I see, but then if a given sensor saturates at ISO100 at (let's say) ADU=13000, which is less than 1 f-stop far from RAW saturation (ADU=16383), any other ISO should clip at RAW saturation. Does this happen?
For instance the 40D which saturates at 13823 (from my tests) at ISO100, should saturate at 16383 for any other higher ISO value. Does it?

Close enough. John Sheehy did some analysis of the 30D a while back and the clipping levels were not exactly 4095, but close enough that it doesn't affect things on the log scale of EV. The difference between 13823 and 16383 however is close to 1/4 stop. I did some 40D tests which gave clipping at 16383 for the green channel at ISO 200 and up, IIRC.

1. The DR of both the Canon 40D and 50D is larger at ISO 100 than at ISO 200.

2. The saturation level plays no role in the DR; the ISO 100 values are scaled down, probably from the base ISO, which appears to be 1/4 EV over 100.

Looks like I'll have to carry out some testing, when I have the time, comparing shadow and highlight detail at ISOs 100 and 200. I know that cameras do vary from copy to copy (of the same model), just as lenses do. Years ago, after collecting my new 5D, I wasn't happy with the severe banding in the darkest shadows. I returned it and tried another copy which was better. I wouldn't say much better, but noticeably better.

Forgive me for continuing to piss all over this thread, but I find these discussions not to be useful to me and question their purpose.



It's more fundamental than whether or not DxO is "accurately" measuring the characteristics of these sensors. What is the point of dissecting RAW data absent any conversion of that data? If fixating on differences in sensors makes any difference at all to the outcome of your photographs, then equal attention should be paid to RAW converters: http://forums.dpreview.com/forums/read.asp...essage=30062493 You can't simply divorce the data coming from the sensor from the data that comes from conversion of that file; after all, the later is what you will ultimately be working with when you craft your photograph. This leads me to question what some people in these photography forums are attempting to craft: better photographs, or better ways of measuring RAW data. For me, the tools I care about are the ones that deliver files I can use to make better photographs with, and DxO Mark is a diversion from that goal.

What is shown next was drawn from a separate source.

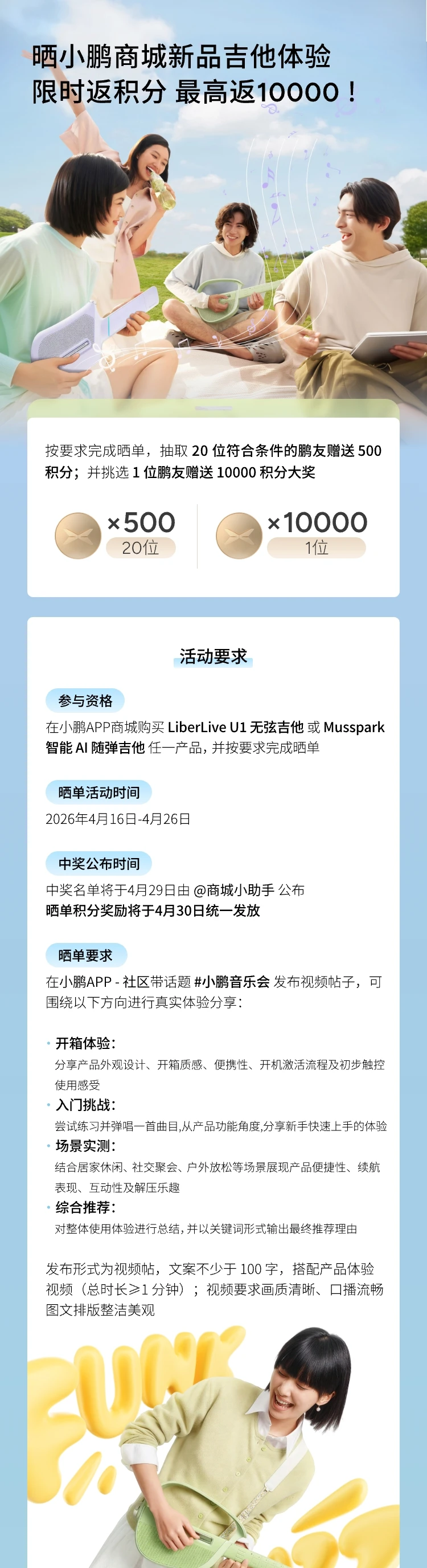 晒小鹏商城新品吉他体验,限时返积分 最高返10000!

Tony has a point. We all have to use a RAW converter of one type or another and that choice of RAW converter might be based on lots of factors that are not directly related to getting the last ounce of detail from highlights or shadows. We might use a converter because we like the results, the work-flow, and like the ease of getting those results, or perhaps because we are simply familiar with the interface.

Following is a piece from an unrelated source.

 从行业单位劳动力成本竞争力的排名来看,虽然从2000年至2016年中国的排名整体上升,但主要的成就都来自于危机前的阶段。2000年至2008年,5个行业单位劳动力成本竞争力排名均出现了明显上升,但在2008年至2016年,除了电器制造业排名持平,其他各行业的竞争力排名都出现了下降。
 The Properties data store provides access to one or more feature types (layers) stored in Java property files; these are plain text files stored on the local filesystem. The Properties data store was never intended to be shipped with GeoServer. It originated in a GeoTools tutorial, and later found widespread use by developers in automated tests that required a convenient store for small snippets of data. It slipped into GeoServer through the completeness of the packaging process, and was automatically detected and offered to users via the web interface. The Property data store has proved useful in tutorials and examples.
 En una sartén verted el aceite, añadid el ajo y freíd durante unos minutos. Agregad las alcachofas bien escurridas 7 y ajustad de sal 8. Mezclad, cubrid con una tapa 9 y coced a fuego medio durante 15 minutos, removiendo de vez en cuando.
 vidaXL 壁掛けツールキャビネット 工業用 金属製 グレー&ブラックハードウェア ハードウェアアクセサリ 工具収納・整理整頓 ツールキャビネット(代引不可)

We should not forget that DXO are in the business of creating their own RAW converter. Their tests, which they are now sharing with everyone, are presumably necessary for their own purposes.

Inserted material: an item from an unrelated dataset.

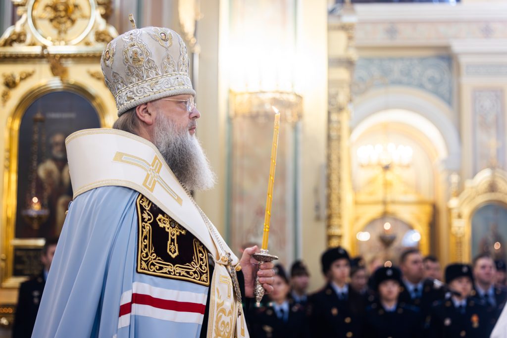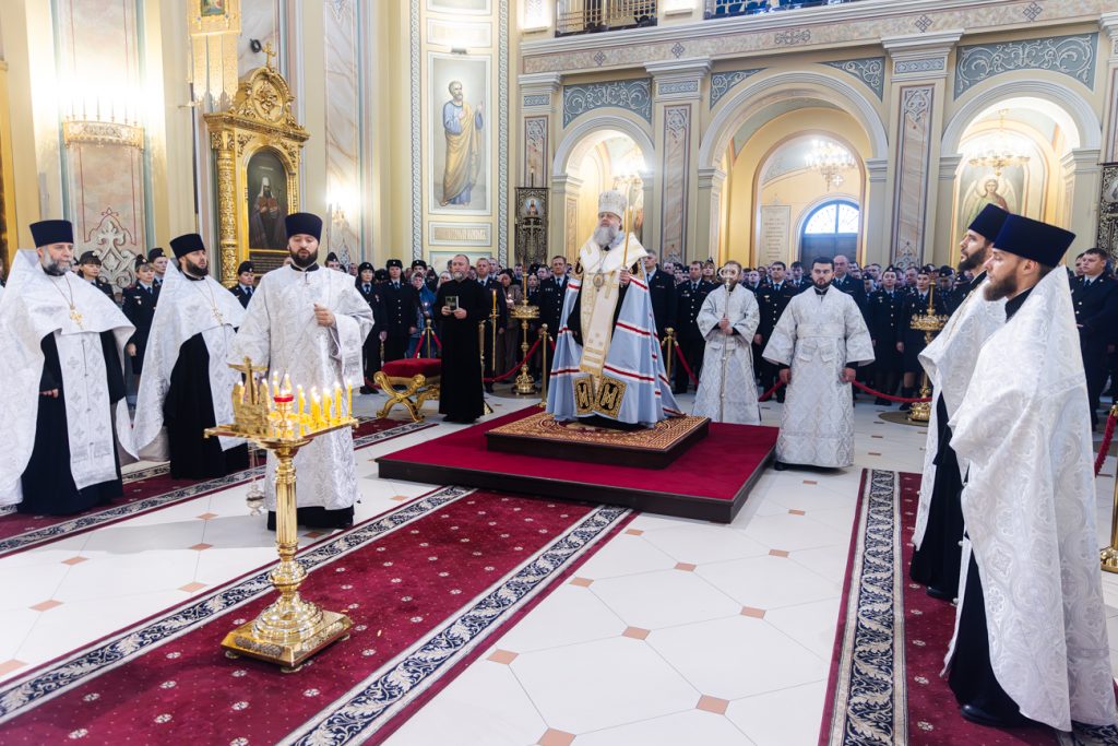 «Сегодня мы собрались в соборном храме, чтобы молитвенно почтить память всех, кто отдал жизнь при исполнении служебного долга или в бою за Отечество. Из Священного Писания мы знаем: «Нет больше той любви, аще кто положит душу свою за други своя» (Ин., 15:13). Этот подвиг дается не каждому. Осознание того, что, приступая к службе, вы можете быть призваны к исполнению этого святого долга, делает вас людьми, которыми вправе гордиться наше Отечество — людьми, достойными всеобщего уважения и признательности. Мы обязаны хранить память о тех, кто исполнил свой долг до конца, защищая границы и рубежи Родины, как внутренние, так и внешние».

Because it provides a measure of the camera's capabilities rather than the sum total of the camera's capabilities filtered through a particular raw converter's capability. Usually the scientific method is to strip away those aspects of the subject under study that don't pertain to the subject under study. If you got a lousy result from camera A with raw converter X, you can't know if the issue is camera A or raw converter X. If you study the raw data of camera A without going through conversion, and you find it to be poorer quality than that of camera B, then no raw converter is going to make camera A's output look better than camera B's provided it is doing an equally competent job on each. The latter issue should be the subject of a separate investigation, which to my knowledge is yet to be done in a scientific manner for commercial raw converters.

Better to isolate the variable under study than to lump it in with all sorts of other unknowns.



I agree that equal attention should be paid to raw converters, and that hasn't been done yet. That doesn't mean it can't be done, and it doesn't mean that raw data analysis is without meaning or worth.

Well, obviously the purpose of pleasing you is failed miserably. I guess you need to ask Michael to close the thread.



It is called abstraction. The information gained this way reflects the characteristics of the camera, independently of the raw converter.

If this is not done, then one could believe, that the camera can do only as good as it appears from certain specific conversions. For example DPReview conducted tests of the 50D with the preliminary version of ACR, which contained some error (IMO it still does). The 40D raw data interpretation was wrong from the outset. I reported the error, which has been turned into another one. Measuring the DR based on that interpretation of the raw data leads to an incorrect result (but DPReview can not measure the DR anyway).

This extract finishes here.